* _WHAT YOU NEED TO DO_:
In the records below, find the line containing "A glowing digital" and print it and every line after it exactly, through the end. Skip pictures.

[Stored items from a collection]
**********
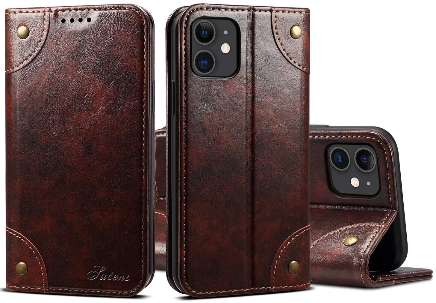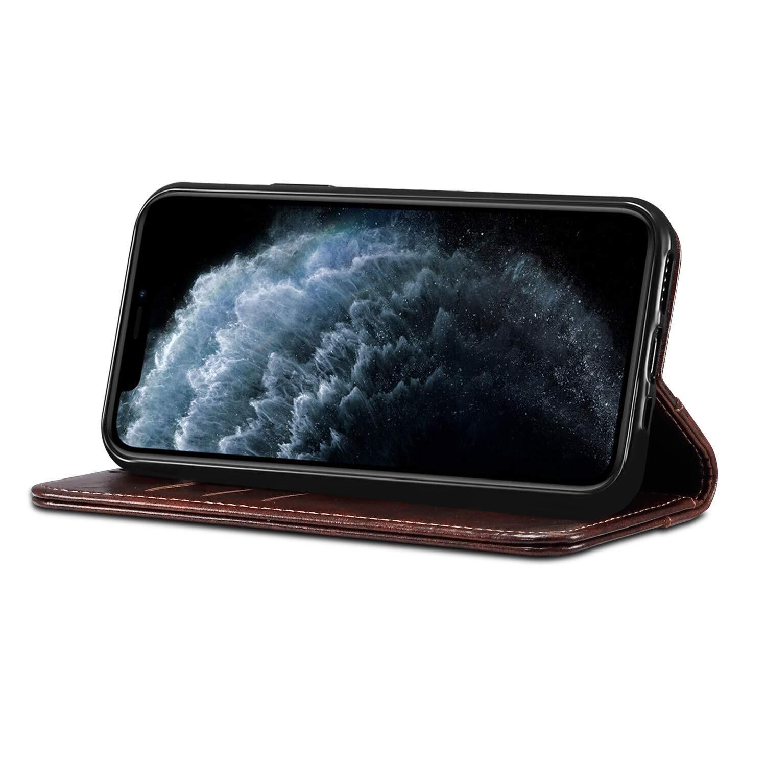 iPhone 11 ケース 手帳型 アイフォン11 カバー 手帳 カード収納 スタンド機能 マグネット式 本革 レザー 財布型 携帯スマホケース軽量 薄型 防塵 耐衝撃保護 ワイヤレス充電対応 ブラウン
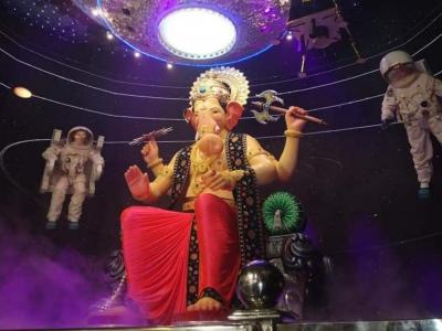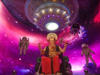 Lalbaugcha Raja 2019: लालबागचा राजाच्या दरबारात अवतरले अंतराळ
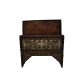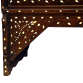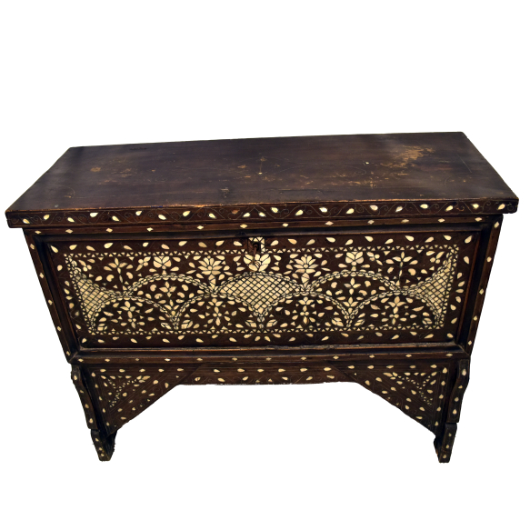 As laterais, os pés e o avental são ricamente adornados com o equilíbrio rítmico entre geometria e forma orgânica é uma marca registrada da arte do Oriente Médio, aperfeiçoada nas grandes oficinas de marchetaria de Damasco.
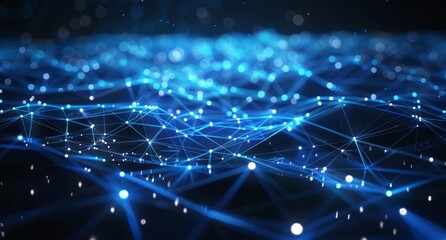 A glowing digital network of interconnected lines and nodes overlays a dark world map representing global communication and data flow
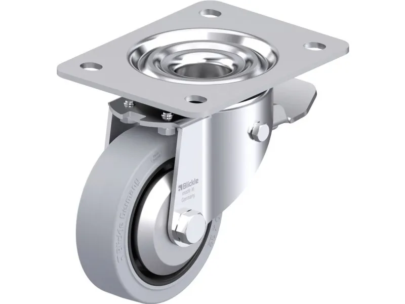 • Dæk: Førsteklasses elastisk, massivt gummi Blickle EasyRoll i letløbskvalitet, hårdhed 65 Shore A, farve grå, uden spor • Hjullegeme: Førsteklasses polyamid 6, brudsikker, farve sort
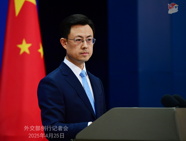 قال قوه جياكون المتحدث بإسم وزارة الخارجية الصينية اليوم الجمعة خلال المؤتمر الدوري للمتحدث بإسم وزارة الخارجية الصينية اليوم الجمعة الموافق 25-4-2025 إن المتحدث بإسم وزارة الخارجية الصينية: الصين والولايات المتحدة لاتجريان أي مشاورات أو مفاوضات بشأن التعريفات الجمركية، وعلى الولايات المتحدة ان تتوقف عن خلق الإرتباك.. وأضاف أن وفيما يلي نص المؤتمر الصحفي:
**********
* _EXPECTED OUTPUT_:
 A glowing digital network of interconnected lines and nodes overlays a dark world map representing global communication and data flow
 • Dæk: Førsteklasses elastisk, massivt gummi Blickle EasyRoll i letløbskvalitet, hårdhed 65 Shore A, farve grå, uden spor • Hjullegeme: Førsteklasses polyamid 6, brudsikker, farve sort
 قال قوه جياكون المتحدث بإسم وزارة الخارجية الصينية اليوم الجمعة خلال المؤتمر الدوري للمتحدث بإسم وزارة الخارجية الصينية اليوم الجمعة الموافق 25-4-2025 إن المتحدث بإسم وزارة الخارجية الصينية: الصين والولايات المتحدة لاتجريان أي مشاورات أو مفاوضات بشأن التعريفات الجمركية، وعلى الولايات المتحدة ان تتوقف عن خلق الإرتباك.. وأضاف أن وفيما يلي نص المؤتمر الصحفي:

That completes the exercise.